[[ RAW DATA open ]]

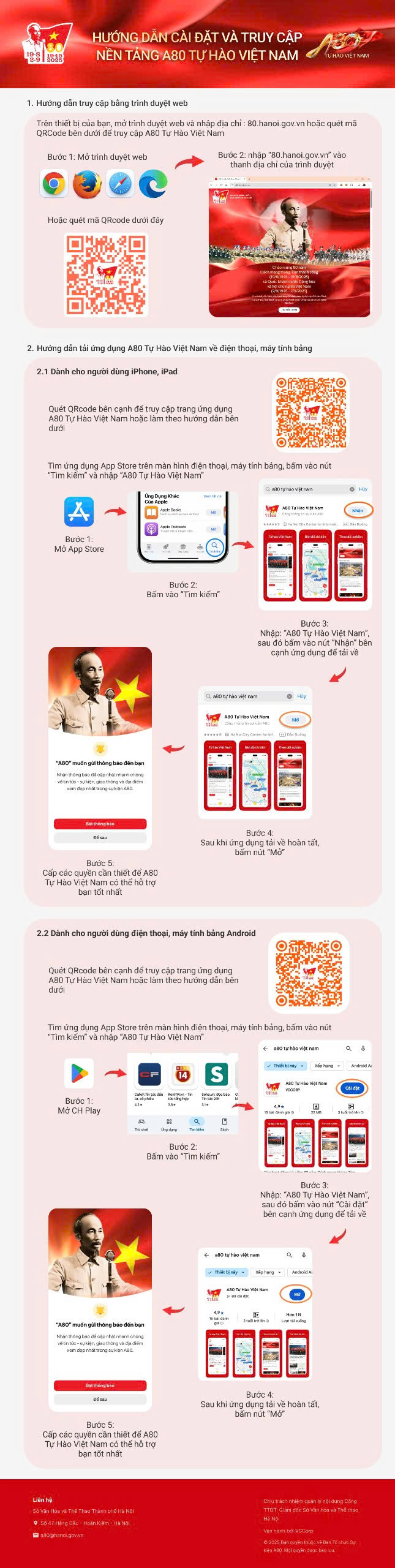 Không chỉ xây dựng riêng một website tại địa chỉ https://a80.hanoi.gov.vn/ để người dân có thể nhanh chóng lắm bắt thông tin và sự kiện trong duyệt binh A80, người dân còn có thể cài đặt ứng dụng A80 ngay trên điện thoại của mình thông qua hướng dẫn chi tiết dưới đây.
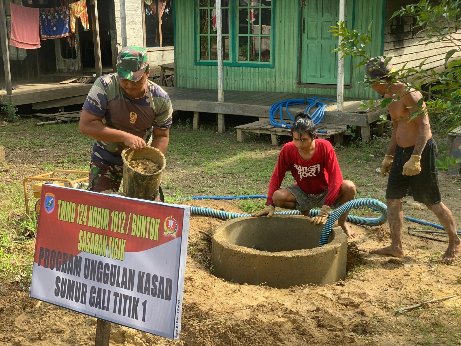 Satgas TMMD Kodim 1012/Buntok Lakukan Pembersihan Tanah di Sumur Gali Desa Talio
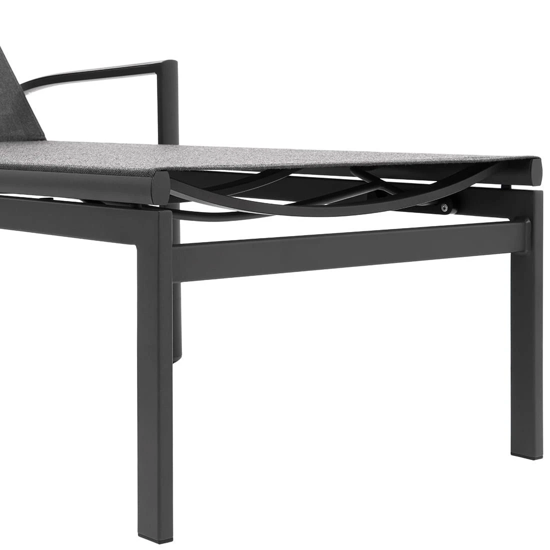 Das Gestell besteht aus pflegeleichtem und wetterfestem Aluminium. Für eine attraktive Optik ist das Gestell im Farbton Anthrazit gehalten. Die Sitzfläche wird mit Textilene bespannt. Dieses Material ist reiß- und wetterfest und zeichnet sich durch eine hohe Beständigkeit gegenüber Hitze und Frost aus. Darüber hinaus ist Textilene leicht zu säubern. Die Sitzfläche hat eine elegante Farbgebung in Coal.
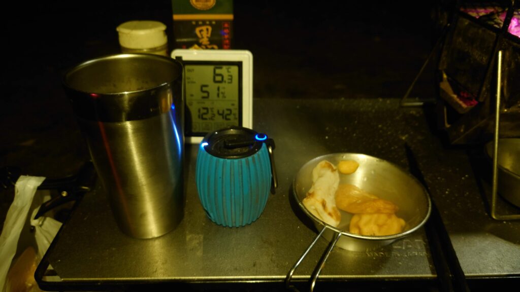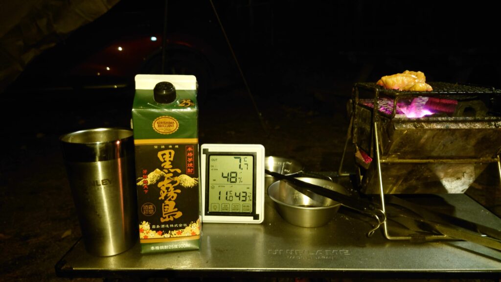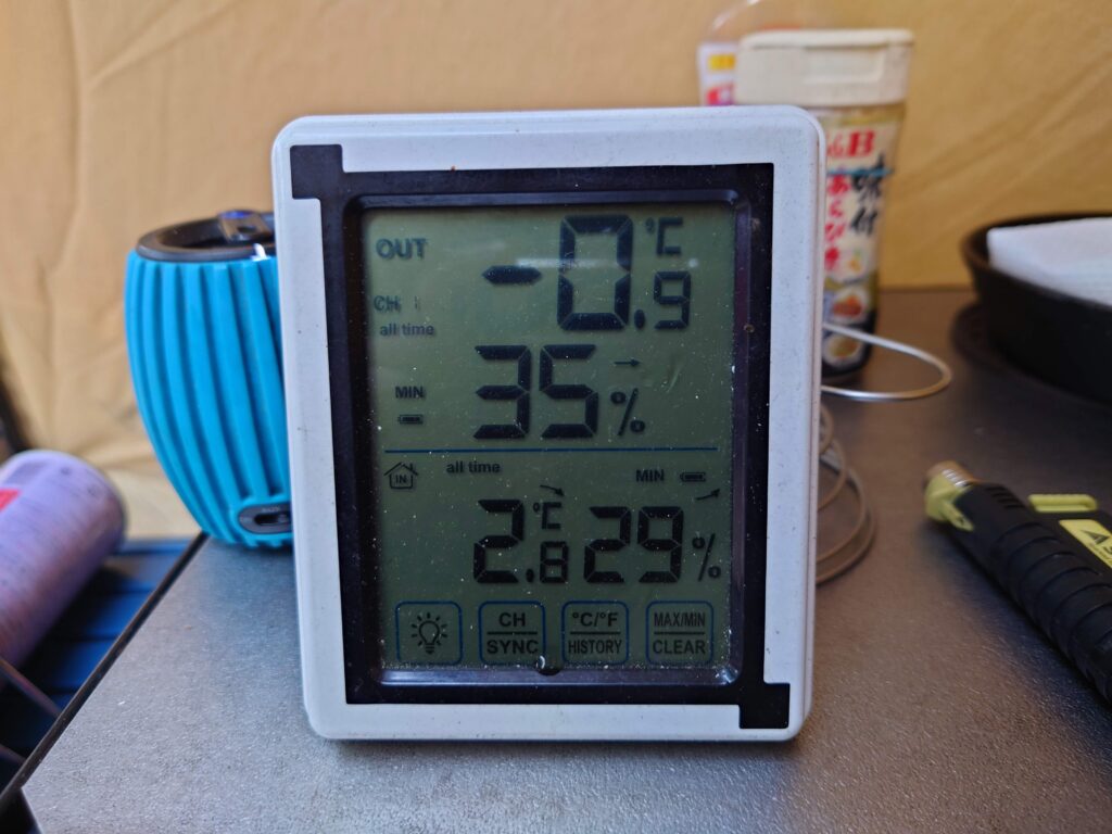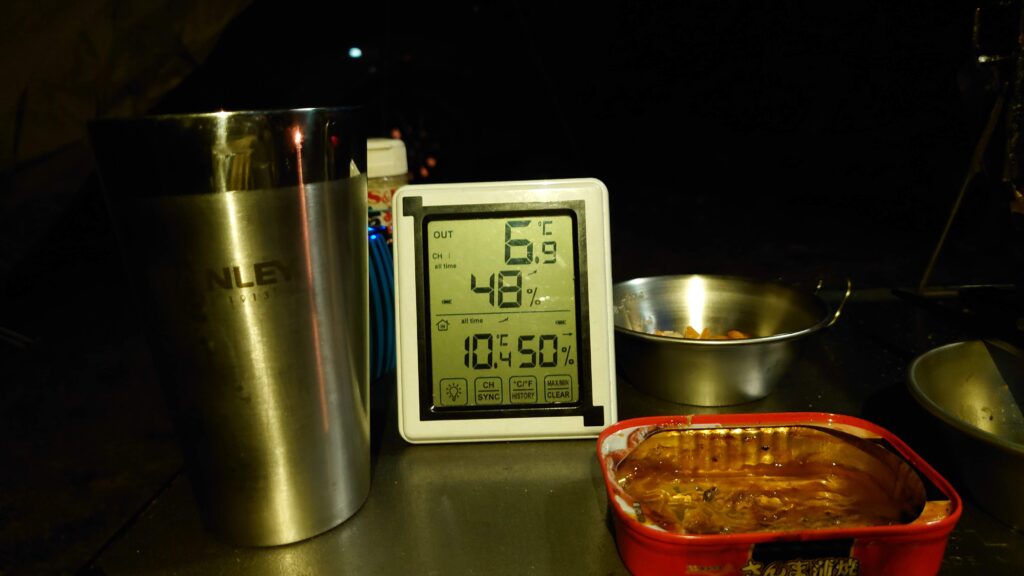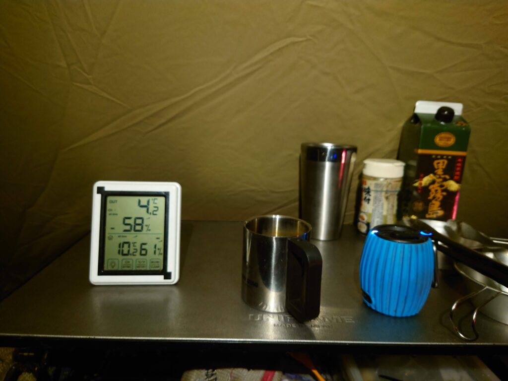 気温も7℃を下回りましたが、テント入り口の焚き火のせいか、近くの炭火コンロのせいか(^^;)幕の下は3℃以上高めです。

[[ RAW DATA closed ]]

→ **WHAT THE TASK ASKS**
Restate the data word for word from its first line through the line with "Satgas TMMD Kodim", leaving out any picture along the way.

→ **ANSWER TO THIS PROBLEM**
 Không chỉ xây dựng riêng một website tại địa chỉ https://a80.hanoi.gov.vn/ để người dân có thể nhanh chóng lắm bắt thông tin và sự kiện trong duyệt binh A80, người dân còn có thể cài đặt ứng dụng A80 ngay trên điện thoại của mình thông qua hướng dẫn chi tiết dưới đây.
 Satgas TMMD Kodim 1012/Buntok Lakukan Pembersihan Tanah di Sumur Gali Desa Talio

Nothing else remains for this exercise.